La strategia diviene molto più produttiva quando il termine “coscienza” viene utilizzato in senso
stretto, come autocoscienza, come coscienza di classe; la quale non implica il livello generale della
coscienza:
- La coscienza di classe, a livello descrittivo, è una consapevolezza che raccoglie dati in
modo strategico e artificiale e che, a livello trasformativo, cerca di distruggere quei
meccanismi che andavano a costituire proprio il profilo della classe in cui si era situata e
sviluppata la coscienza collettiva.
STORIOGRAFIA COME STRATEGIA
Una strategia può essere involontaria? Non può esserlo completamente.
Dice Guha: una discrepanza essite necessariamente incerti stadi della lotta di classe tra il livello
della sua articolazione oggettiva e quello della coscienza dei suoi soggetti… nonostante tutto il loro
coinvolgimento pratico le masse potrebbero tuttavia essere indotte con l’inganno da una falsa
coscienza dei propri miti-guerrieri.
Dice la Spivak: allora, una teoria che si concede alcune discrepanze nella fabbricazione di una
strategia non può ritenersi immune dal proprio sistema.
Di fatto, è proprio nella loro insistenza sul subalterno come soggetto di storia che il gruppo mette in
atto una strategia di intervento che solo in parte è involontaria.
Marx sottolinea: i filosofi hanno solo interpretato il mondo in modi diversi; si tratta però di mutarlo.

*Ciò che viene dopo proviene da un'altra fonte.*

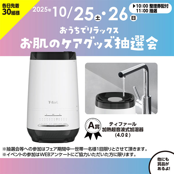 10/25(土)26(日)お肌のケアグッズ抽選会

Dice la Spivak: le descrizioni teoriche non possono produrre degli universali.
VOCI
Un riferimento alle Voci, in quanto mezzo di comunicazione subalterno, è presente soltanto in modo implicito nel lavoro
dei SS.
Le voci rappresentano però un aspetto molto importante. Consideriamo il fonocentrismo di autori come Barthes, Levì
Strauss o Vygotsky:
- Per loro la parola è la diretta e immediata rappresentazione della voce della coscienza; perché la velocità del
linguaggio parlato non favorisce un complicato processo di formulazione, non lascia il tempo per deliberare e
scegliere.
Al contrario, il post-strutturalismo crede:
- Che ogni possibilità di espressione, compresa la parola, condivide una presa di distanza da sé. Ne segue,
secondo questa teoria, che il “sé” è esso stesso sempre un prodotto e non un fondamento: così, la sua
formazione sembrerebbe strutturata sul modello della scrittura, ovvero formulata, deliberata e scelta.
La voce:
- per Guha è l’espressione parlata per eccellenza;
- è tanto immediata poiché non appartiene ad un’unica voce-coscienza, essa appartiene a ciascuno che ne
usufruisca. La voce è per natura errante, sempre in circolazione e senza una fonte riconoscibile e accertabile.
- La sua transitorietà la rende accessibile all’insurrezione.
- Solo all’inizio e alla fine la transitorietà viene meno, ciò che ne fa una chiara immagine della scrittura.
- La voce può allora essere descritta come il modello di lingua in senso stretto (collateralità e volontà comune).
la scrittura: la scrittura si suppone appartenga ad un’unica voce-coscienza.
La Spivak rimarca il fatto che ad accumunare Subalterni e Storici è uno stesso fono centrismo, ma
che una lettura contro luce fa emergere l’illegittimità dell’unione tra i due.
Ma quale è l’utilità di rimarcare questo?